Затем Глушко еще чуток напрягся… Навесные ускорители «научились» разворачивать крылья и садиться по-самолетному, а вторая ступень сделалась пилотируемой. И получился…
– «Ураган»! – воскликнул Павел. – Хороша птичка?
– Хороша!
Две пары разгонных модулей обнимали «Ураган», как коротышки – баскетболистку. Между их круглобоких тушек высовывались лишь концы крыльев орбитера, да перо киля.
Космодромная команда не дала нам полюбоваться рукотворной громадой – суровые дяди в комбезах погнали командира корабля и пассажира к лифту. Вы на часы, дескать, смотрели? В космос уходят без опоздания!
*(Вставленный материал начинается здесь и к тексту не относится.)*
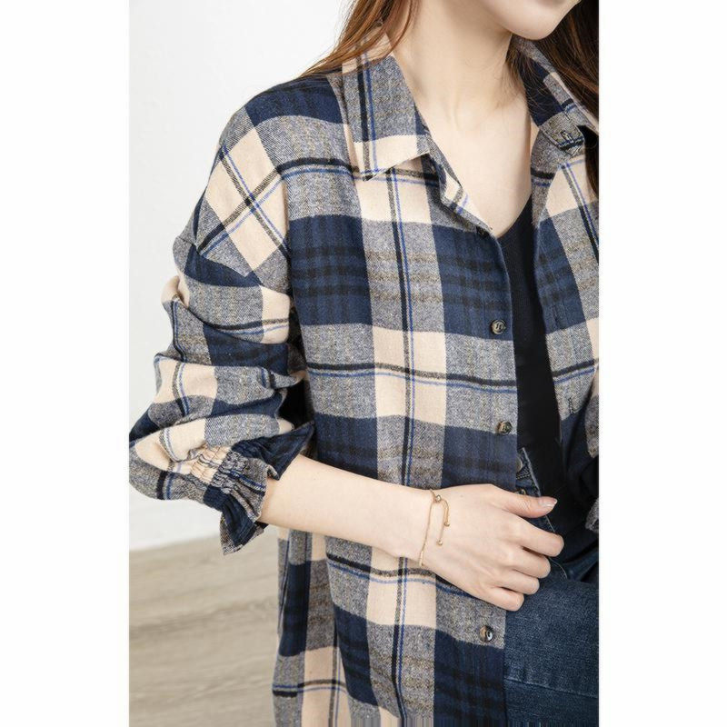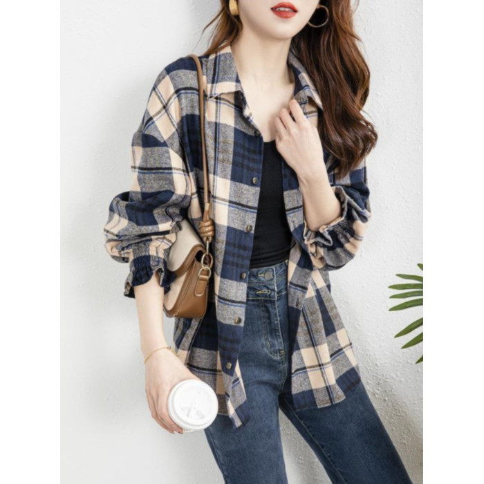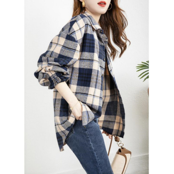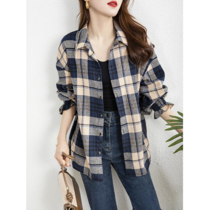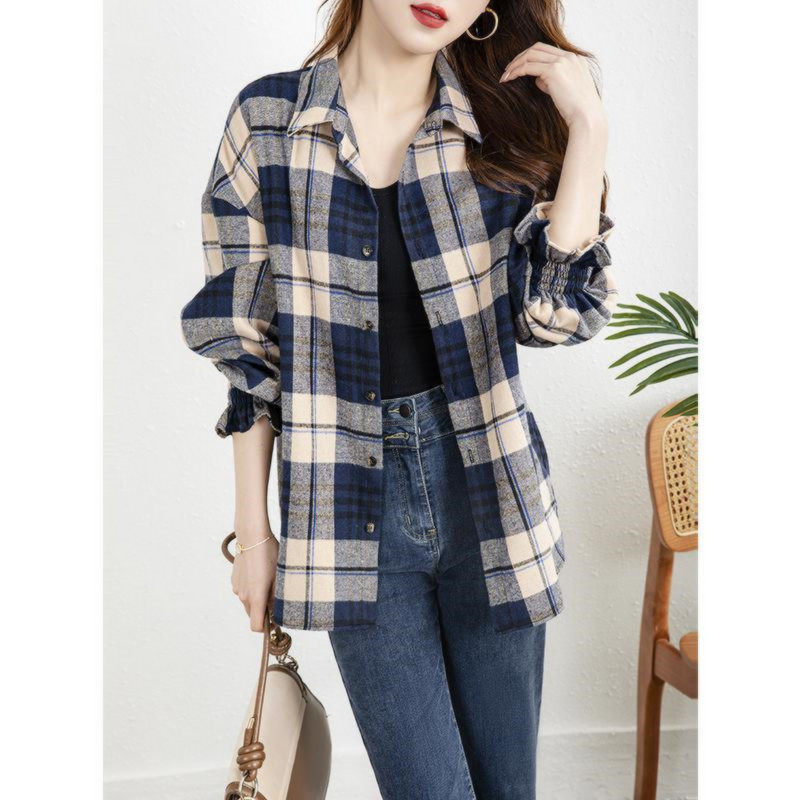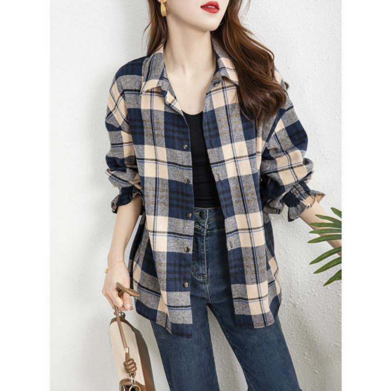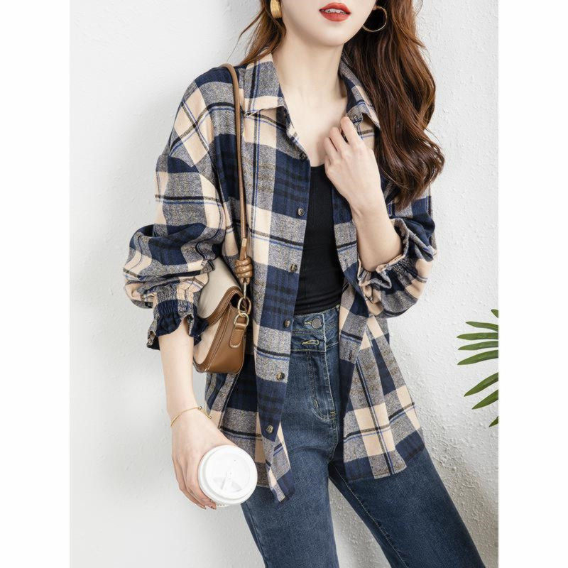 英倫風格子襯衫女款2023新款磨毛長袖上衣復古通勤曡穿外搭襯衣潮

Тесноватая лифтовая кабинка поползла вверх, и Почтарь, выглядывая в окошко, быстро договорил:
– Первая модель! Вторая только строится. Обещают сдать «Тайфун» будущей весной… Прошу!
С верхней площадки открывались знойные пейзажи – волнистая рябь красных песков вдали, а под ногами – четкие серые плоскости, залитые бетоном. Неподалеку высилась мачта, увешанная несчетными рядами прожекторов, а еще выше задирались иглы молниеотводов, плетенные из металла.
– Объявляется готовность тридцать минут! – разнесли динамики весть с жестяным призвуком.
Мы с Пахой по очереди сунулись в люк, и по лесенке поднялись в пилотскую кабину. Бортинженер Римантас Станкявичюс, не оборачиваясь от пультов, махнул нам рукой.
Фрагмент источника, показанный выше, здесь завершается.